Kasia Glinka chce ratować małżeństwo! Dla synka!
Kasia Glinka (37 l.) wierzy, że nie wszystko jeszcze stracone. Niestety, mąż chyba ma nieco inne zdanie na ten temat...
W styczniu Przemysław Gołdon poinformował aktorkę, że wyprowadza się z domu.
"Wiedzieliśmy, że Kasia ma problemy, ale myśleliśmy, że to choroba taty spędza jej sen z powiek. To, że mąż ją zostawił, trzymała w tajemnicy.
Miała nadzieję, że nie wszystko stracone" – mówi „Życiu na Gorąco” jedna z aktorek współpracujących z Glinką.
Kasia rzeczywiście nie chciała się poddać, ale jej próby przekonania męża, by dali związkowi jeszcze jedną szansę, zakończyły się porażką.
"Mam trudny okres w życiu" – potwierdziła w rozmowie z jednym z pism, nie chcąc jednak rozwijać tego tematu.
Od momentu, gdy Przemysław Gołdon spakował swoje rzeczy i zamieszkał z dala od rodziny, minęło już prawie pół roku.

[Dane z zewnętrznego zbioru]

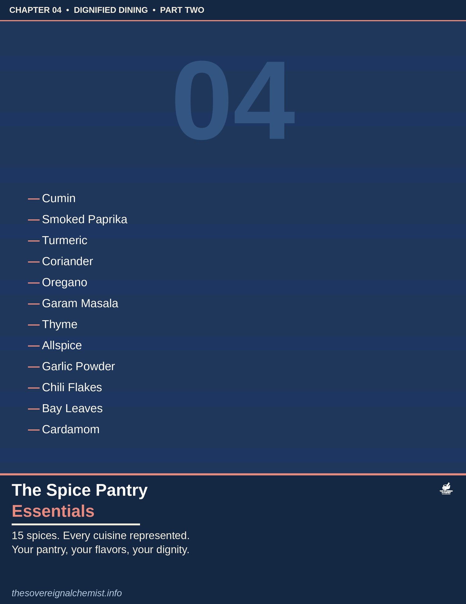 This is Part Two of the Community Kitchen Bible series by The Sovereign Alchemist. It stands alone and works immediately, whether or not you have Part One.

Aktorka nie zamierza jednak się poddać!
"Na odchodne powiedział, że zmarnował dwa lata, próbując odzyskać jej czułość i uwagę. A dla niej liczył się tylko ich syn" – mówi informatorka tygodnika.
Co ciekawe, do dzisiaj Gołdon nie złożył pozwu rozwodowego w sądzie. Nie ma też, jak twierdzi osoba z jego otoczenia, żadnej nowej miłości.
Tylko dzięki temu Katarzyna Glinka jakoś jeszcze się trzyma.